Work required =
Below are the records; retype them exactly and omit each picture.

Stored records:
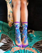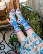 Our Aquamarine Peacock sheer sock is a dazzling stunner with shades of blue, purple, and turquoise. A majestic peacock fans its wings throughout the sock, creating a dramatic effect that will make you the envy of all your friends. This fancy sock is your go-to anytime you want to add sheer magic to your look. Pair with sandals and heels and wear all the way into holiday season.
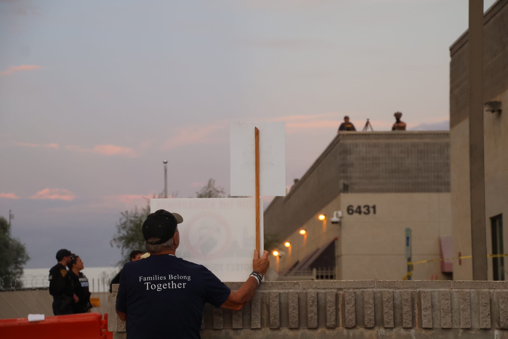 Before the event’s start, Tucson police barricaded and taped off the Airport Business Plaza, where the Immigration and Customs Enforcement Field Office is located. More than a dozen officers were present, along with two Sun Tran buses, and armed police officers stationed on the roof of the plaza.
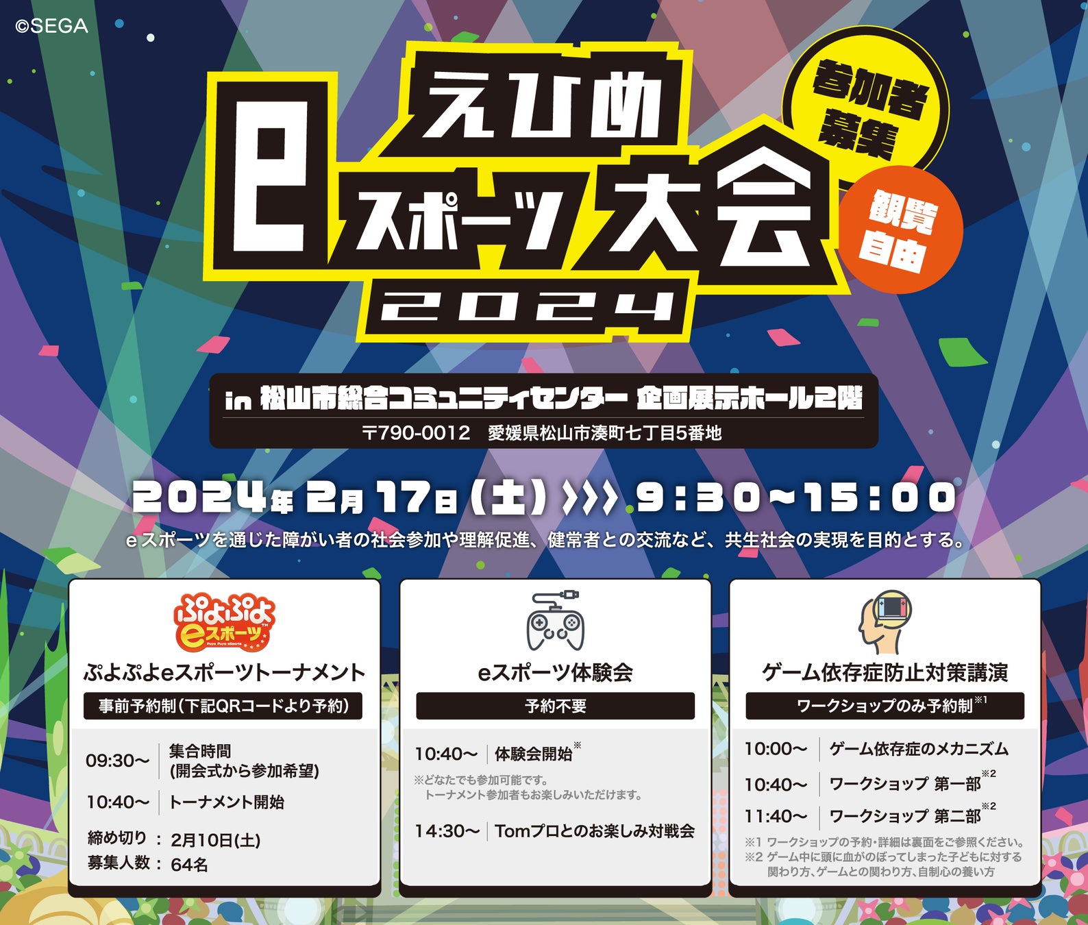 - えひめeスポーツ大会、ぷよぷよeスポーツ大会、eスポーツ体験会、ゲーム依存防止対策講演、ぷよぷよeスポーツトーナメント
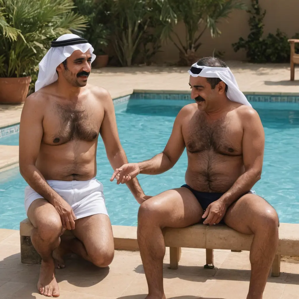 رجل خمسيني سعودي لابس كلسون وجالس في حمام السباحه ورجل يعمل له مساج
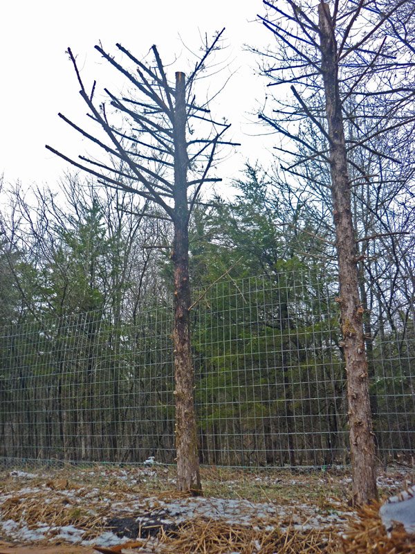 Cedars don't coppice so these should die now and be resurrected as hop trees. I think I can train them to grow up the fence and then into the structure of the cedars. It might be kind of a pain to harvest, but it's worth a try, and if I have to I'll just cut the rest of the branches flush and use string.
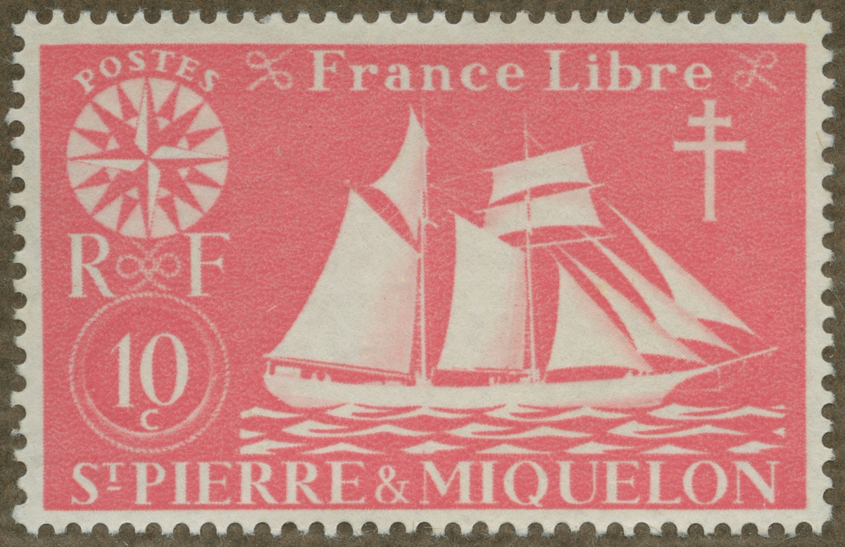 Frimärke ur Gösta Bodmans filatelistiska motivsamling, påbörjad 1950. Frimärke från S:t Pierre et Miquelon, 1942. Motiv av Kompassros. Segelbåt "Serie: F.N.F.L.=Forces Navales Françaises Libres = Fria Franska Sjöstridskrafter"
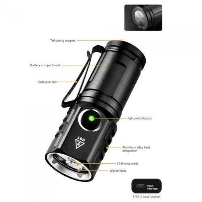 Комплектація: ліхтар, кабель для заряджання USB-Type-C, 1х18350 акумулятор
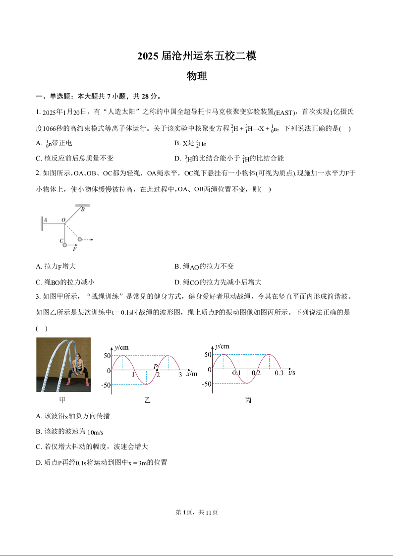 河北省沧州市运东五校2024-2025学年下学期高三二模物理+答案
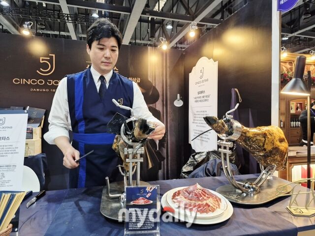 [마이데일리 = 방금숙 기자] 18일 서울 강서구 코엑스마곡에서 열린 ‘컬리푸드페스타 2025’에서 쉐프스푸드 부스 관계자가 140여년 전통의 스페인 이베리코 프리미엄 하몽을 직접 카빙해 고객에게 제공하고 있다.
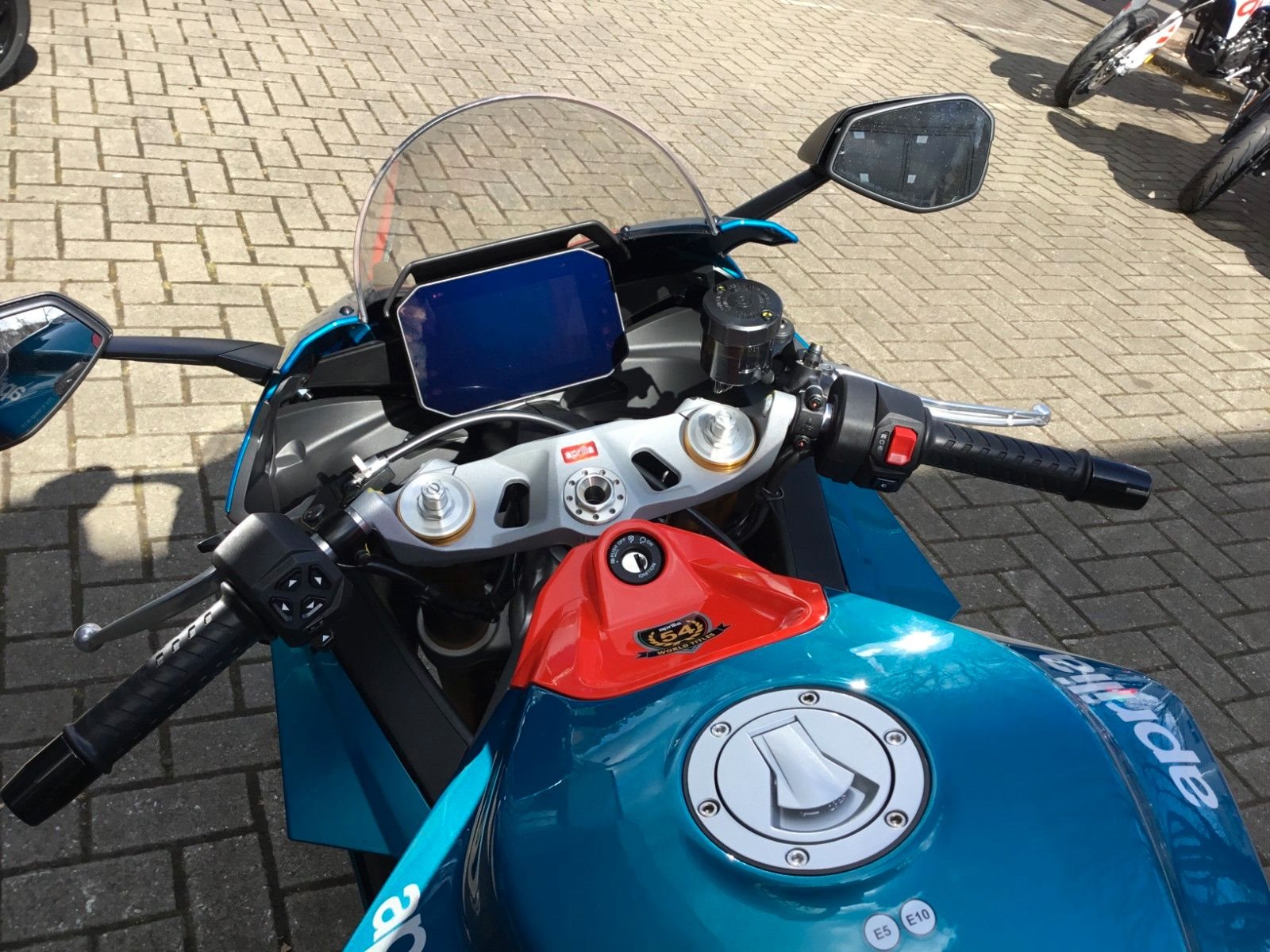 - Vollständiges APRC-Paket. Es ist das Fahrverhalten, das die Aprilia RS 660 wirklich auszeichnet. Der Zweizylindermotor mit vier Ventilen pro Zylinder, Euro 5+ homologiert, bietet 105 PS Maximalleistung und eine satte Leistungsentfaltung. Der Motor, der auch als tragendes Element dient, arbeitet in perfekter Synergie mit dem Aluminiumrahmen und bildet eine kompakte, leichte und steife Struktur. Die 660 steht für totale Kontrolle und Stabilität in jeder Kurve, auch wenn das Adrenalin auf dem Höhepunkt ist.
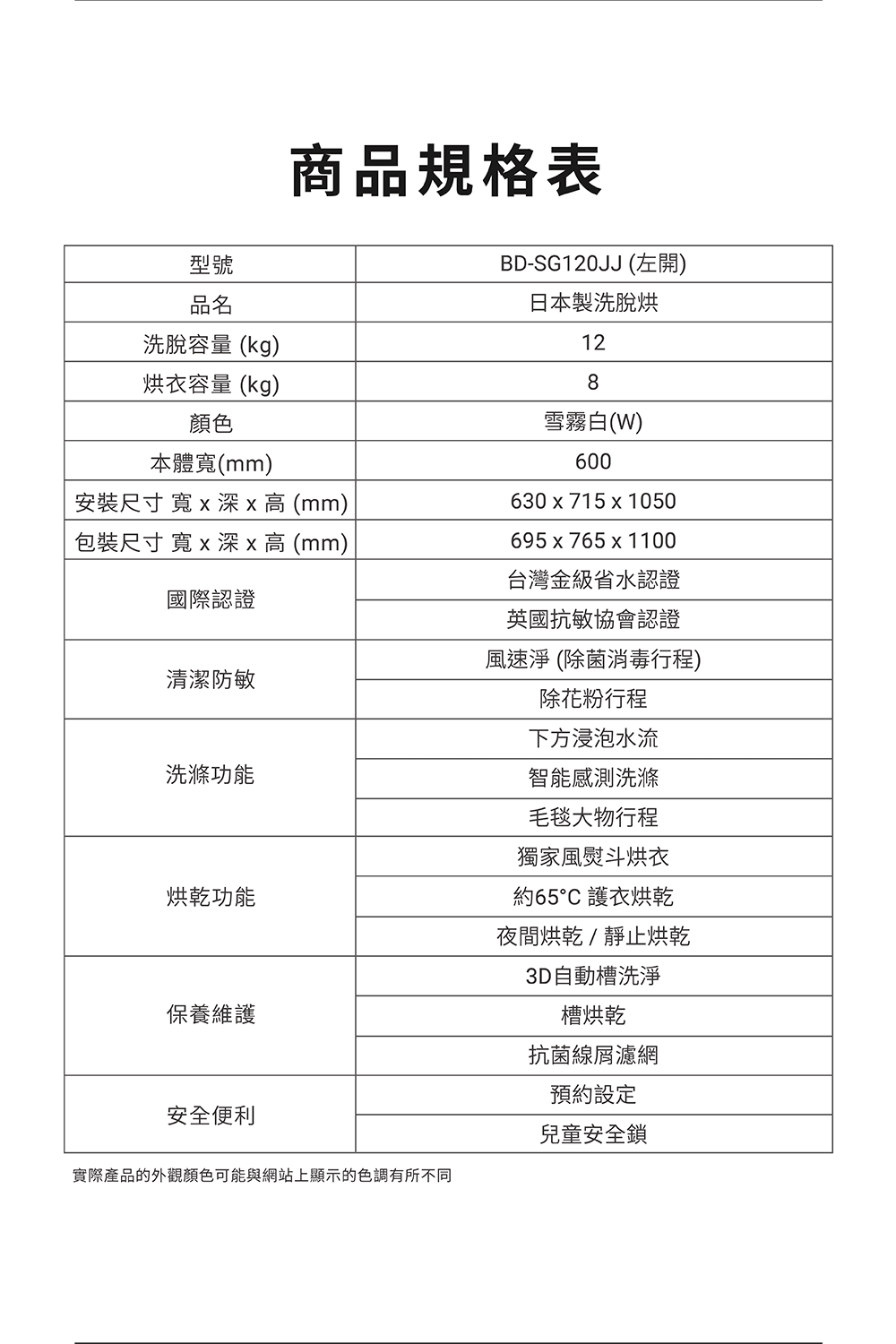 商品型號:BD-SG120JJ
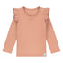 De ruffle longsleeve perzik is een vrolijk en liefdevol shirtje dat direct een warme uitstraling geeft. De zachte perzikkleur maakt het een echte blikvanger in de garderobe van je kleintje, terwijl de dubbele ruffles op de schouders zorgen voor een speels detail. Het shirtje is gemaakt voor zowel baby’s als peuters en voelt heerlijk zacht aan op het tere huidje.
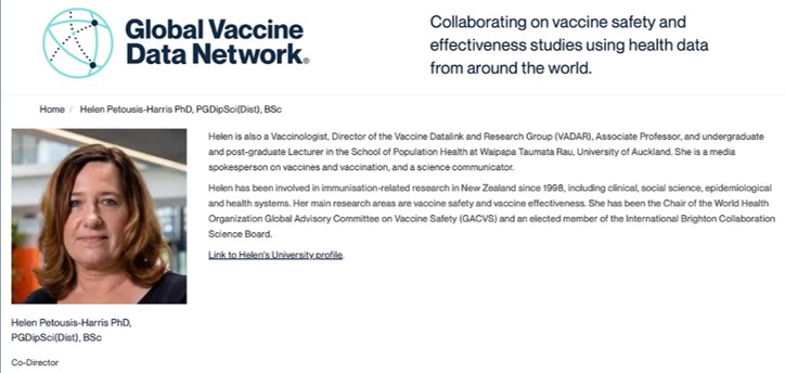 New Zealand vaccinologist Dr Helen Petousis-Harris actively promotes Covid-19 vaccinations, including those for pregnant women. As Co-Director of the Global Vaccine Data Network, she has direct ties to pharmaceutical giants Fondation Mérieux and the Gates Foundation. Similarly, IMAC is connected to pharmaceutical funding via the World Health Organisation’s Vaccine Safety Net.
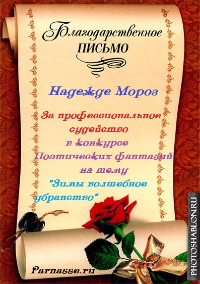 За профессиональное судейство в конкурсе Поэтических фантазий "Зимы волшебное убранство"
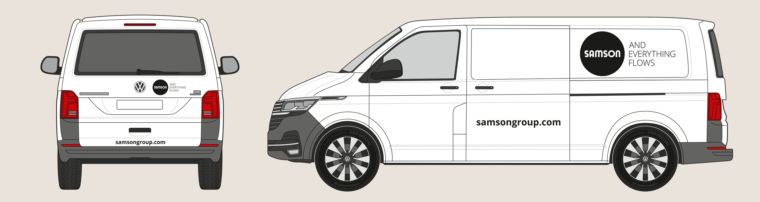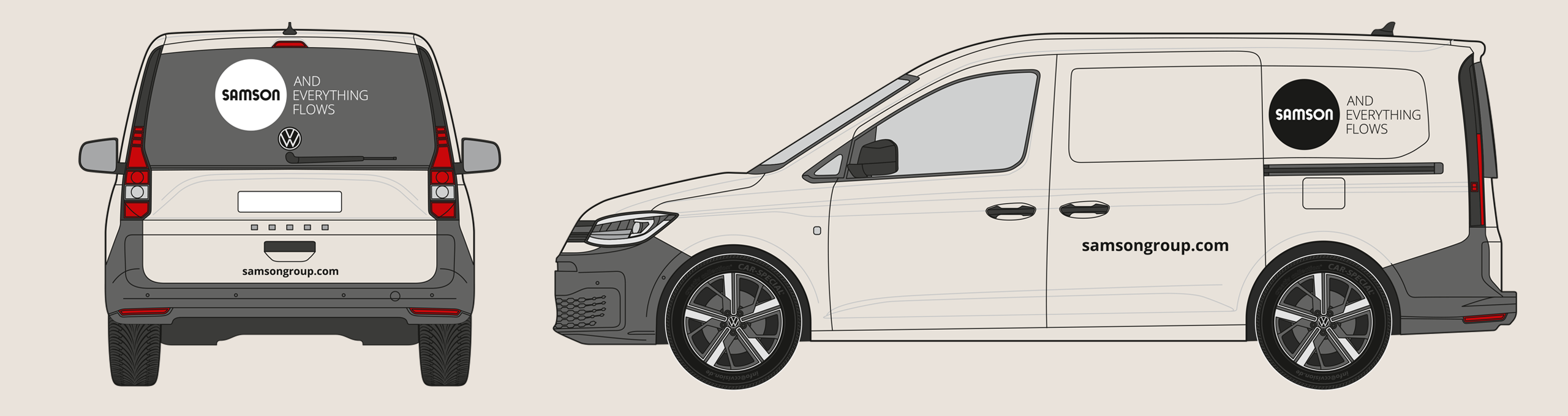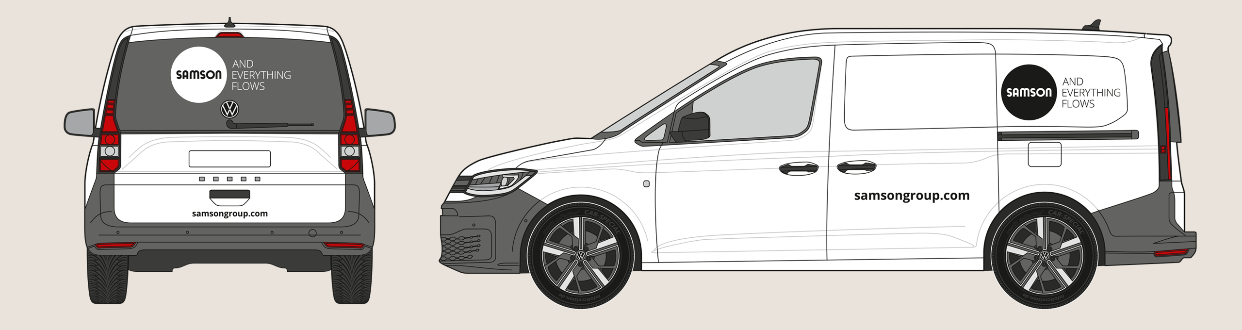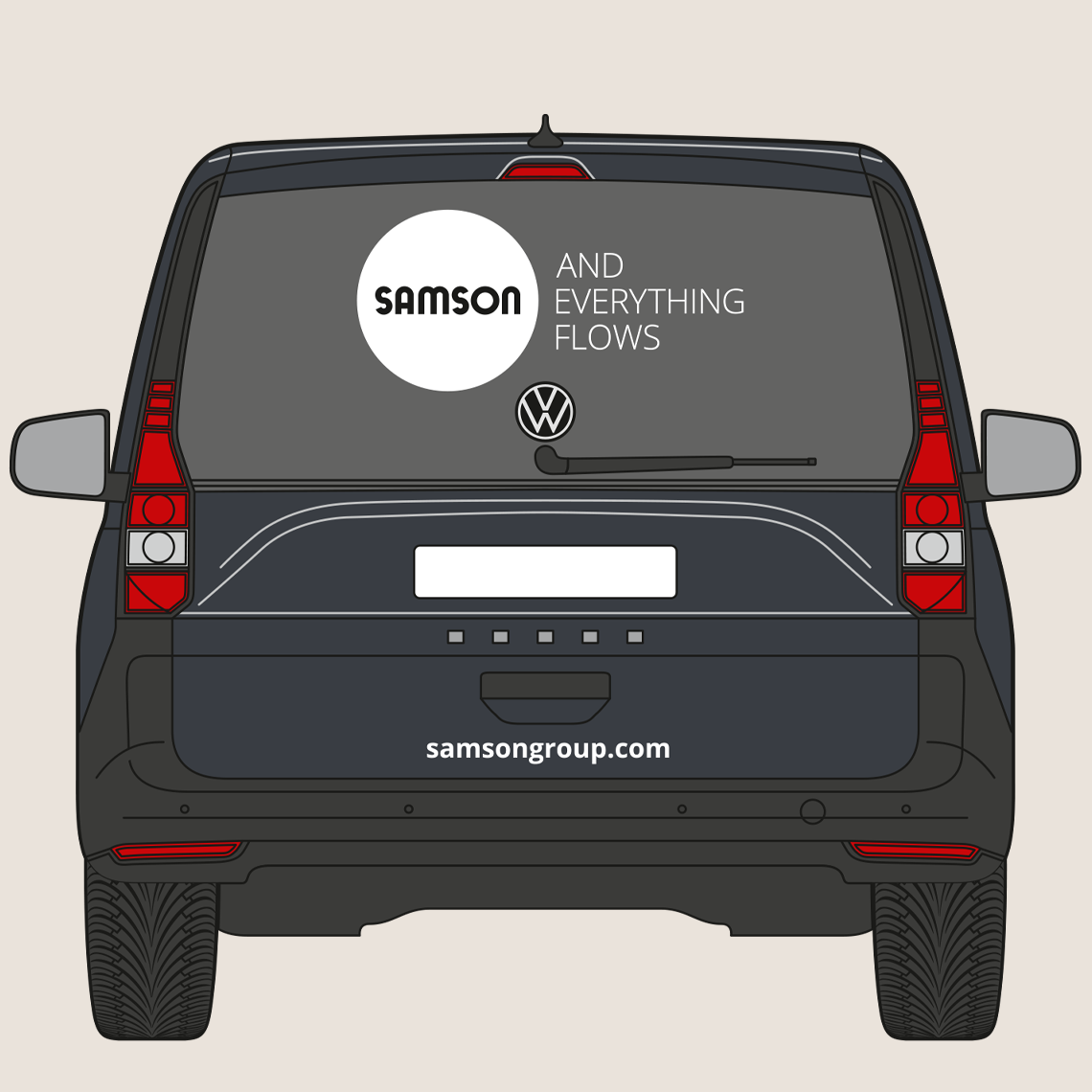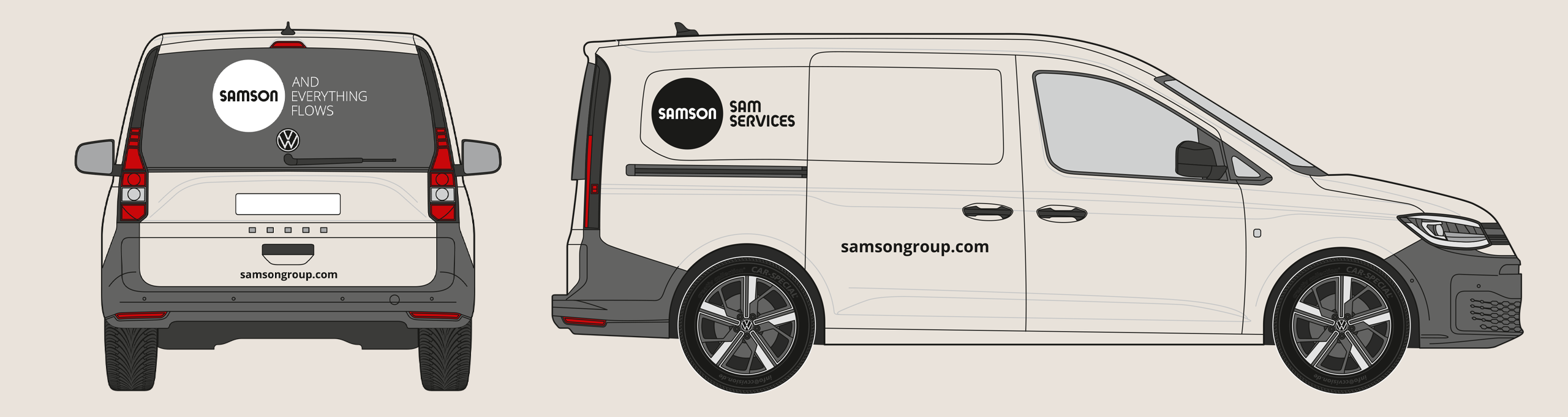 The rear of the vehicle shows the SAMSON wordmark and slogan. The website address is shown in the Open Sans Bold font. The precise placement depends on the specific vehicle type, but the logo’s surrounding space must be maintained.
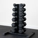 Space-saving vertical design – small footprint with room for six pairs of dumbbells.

Written response =
 Our Aquamarine Peacock sheer sock is a dazzling stunner with shades of blue, purple, and turquoise. A majestic peacock fans its wings throughout the sock, creating a dramatic effect that will make you the envy of all your friends. This fancy sock is your go-to anytime you want to add sheer magic to your look. Pair with sandals and heels and wear all the way into holiday season.
 Before the event’s start, Tucson police barricaded and taped off the Airport Business Plaza, where the Immigration and Customs Enforcement Field Office is located. More than a dozen officers were present, along with two Sun Tran buses, and armed police officers stationed on the roof of the plaza.
 - えひめeスポーツ大会、ぷよぷよeスポーツ大会、eスポーツ体験会、ゲーム依存防止対策講演、ぷよぷよeスポーツトーナメント
 رجل خمسيني سعودي لابس كلسون وجالس في حمام السباحه ورجل يعمل له مساج
 Cedars don't coppice so these should die now and be resurrected as hop trees. I think I can train them to grow up the fence and then into the structure of the cedars. It might be kind of a pain to harvest, but it's worth a try, and if I have to I'll just cut the rest of the branches flush and use string.
 Frimärke ur Gösta Bodmans filatelistiska motivsamling, påbörjad 1950. Frimärke från S:t Pierre et Miquelon, 1942. Motiv av Kompassros. Segelbåt "Serie: F.N.F.L.=Forces Navales Françaises Libres = Fria Franska Sjöstridskrafter"
 Комплектація: ліхтар, кабель для заряджання USB-Type-C, 1х18350 акумулятор
 河北省沧州市运东五校2024-2025学年下学期高三二模物理+答案
 [마이데일리 = 방금숙 기자] 18일 서울 강서구 코엑스마곡에서 열린 ‘컬리푸드페스타 2025’에서 쉐프스푸드 부스 관계자가 140여년 전통의 스페인 이베리코 프리미엄 하몽을 직접 카빙해 고객에게 제공하고 있다.
 - Vollständiges APRC-Paket. Es ist das Fahrverhalten, das die Aprilia RS 660 wirklich auszeichnet. Der Zweizylindermotor mit vier Ventilen pro Zylinder, Euro 5+ homologiert, bietet 105 PS Maximalleistung und eine satte Leistungsentfaltung. Der Motor, der auch als tragendes Element dient, arbeitet in perfekter Synergie mit dem Aluminiumrahmen und bildet eine kompakte, leichte und steife Struktur. Die 660 steht für totale Kontrolle und Stabilität in jeder Kurve, auch wenn das Adrenalin auf dem Höhepunkt ist.
 商品型號:BD-SG120JJ
 De ruffle longsleeve perzik is een vrolijk en liefdevol shirtje dat direct een warme uitstraling geeft. De zachte perzikkleur maakt het een echte blikvanger in de garderobe van je kleintje, terwijl de dubbele ruffles op de schouders zorgen voor een speels detail. Het shirtje is gemaakt voor zowel baby’s als peuters en voelt heerlijk zacht aan op het tere huidje.
 New Zealand vaccinologist Dr Helen Petousis-Harris actively promotes Covid-19 vaccinations, including those for pregnant women. As Co-Director of the Global Vaccine Data Network, she has direct ties to pharmaceutical giants Fondation Mérieux and the Gates Foundation. Similarly, IMAC is connected to pharmaceutical funding via the World Health Organisation’s Vaccine Safety Net.
 За профессиональное судейство в конкурсе Поэтических фантазий "Зимы волшебное убранство"
 The rear of the vehicle shows the SAMSON wordmark and slogan. The website address is shown in the Open Sans Bold font. The precise placement depends on the specific vehicle type, but the logo’s surrounding space must be maintained.
 Space-saving vertical design – small footprint with room for six pairs of dumbbells.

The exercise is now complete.